Cet exemple peut sembler trivial, mais si sur un ordinateur qui n’est pas le mien je recherche un document particulier, par où vais-je commencer à chercher ? La spécialisation permet donc en premier lieu de diviser l’information entre les différents sites et ainsi de réduire la charge informationnelle en chacun d’eux. En second lieu, la spécialisation des espaces permet la mise en place de routines qui réduisent la charge cognitive des tâches à effectuer : prenez en exemple ces matin où, de votre lit, vous vous rendez à votre douche presque mécaniquement, puis avalez votre petit-déjeuner et vous retrouvez au métro sans même avoir l’impression d’avoir réalisé une seule opération consciente.
Angles morts, point de vue et immersion
Le cloisonnement est reproductible en 2D par projection au travers d’un avatar.

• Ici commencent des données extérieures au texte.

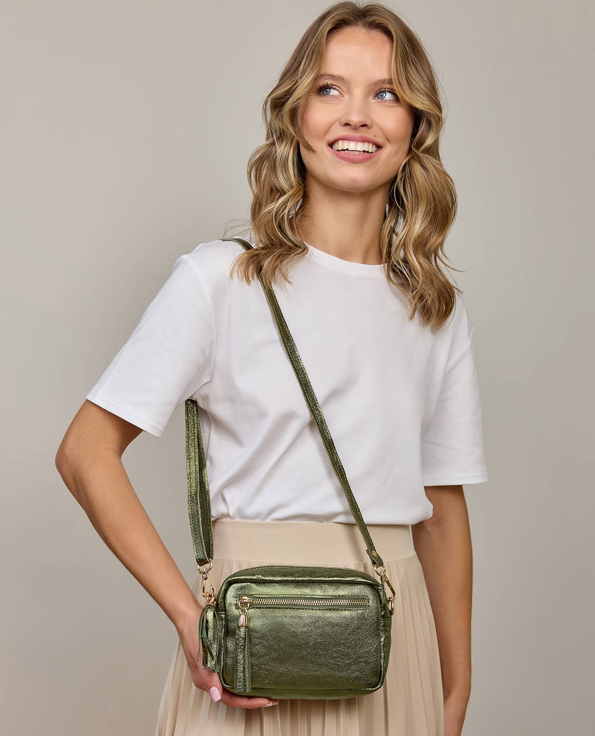 Saszetka Nerka Torebka Crossbody Damska Zielony Lakierowany Skórzany - Made in Italy

Hors des jeux, cette technique n’a, me semble-t-il, jamais été utilisée dans des interfaces. Elle mériterait qu’on s’y intéresse…
Le cloisonnement est associé à la définition du champ de vision. De la même manière l’angle mort est associé à la définition du point de vue. Je ne peux voir les deux profils d’un même visage en même temps (sauf dans les peintures de Picasso). Il faudrait disposer d’une 4e dimension, celle du recul, pour pouvoir embrasser un objet 3D dans son ensemble (4e dimension difficile à se représenter, j’en conviens). Les angles mort au sens strict sont les zones du champs de vision obstrués par des objets (le cloisonnement n’est alors rien d’autre que la définition d’angles morts). Ici l’angle mort peut aussi prendre le sens de « face cachée », c’est-à-dire la portion d’un objet appartenant à la zone du champ de vision que lui-même obstrue.

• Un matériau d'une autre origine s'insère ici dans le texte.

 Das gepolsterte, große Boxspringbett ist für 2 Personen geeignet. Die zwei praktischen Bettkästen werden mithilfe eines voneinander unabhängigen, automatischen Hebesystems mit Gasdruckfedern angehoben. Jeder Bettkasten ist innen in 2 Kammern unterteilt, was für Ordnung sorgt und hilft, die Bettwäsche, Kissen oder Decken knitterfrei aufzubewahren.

En changeant de position, les angles mort changent aussi. Chaque point de vue est unique. Cette variation en fonction de la position est extrêmement difficile à recréer par projection dans un univers 2D, d’où le qualificatif d’immersif accolé aux mondes synthétiques 3D : la sensation d’immersion liée au point de vue ne peut être recréé sans la troisième dimension.
Conclusion : De la 3D à la notion de chemin
Dans ce post j’ai utilisé les notions de champ de vision et de point de vue pour distinguer espaces 2D et espaces 3D. Des différences qui ont été relevées il faudrait ensuite passer aux conséquences sur nos pratiques. Celles-ci sont cependant, en général, le résultat d’un parcours, d’un succession d’actions prenant place dans les mondes physiques et/ou digitaux. Il existe donc une forte connexion entre les pratiques et les déplacements topographiques. Nous entrons là dans la sphère du design d’interaction. L’étape suivante est de s’interroger sur ce en quoi les chemins (au sens de parcours) dans des espaces 3D diffèrent des chemins dans les espaces 2D. Par ailleurs il pourrait être fructueux de confronter les notions de champ de vision et de point de vue aux espaces contigu (comme le web) alors qu’elles semblent consubstantielles aux espaces continus.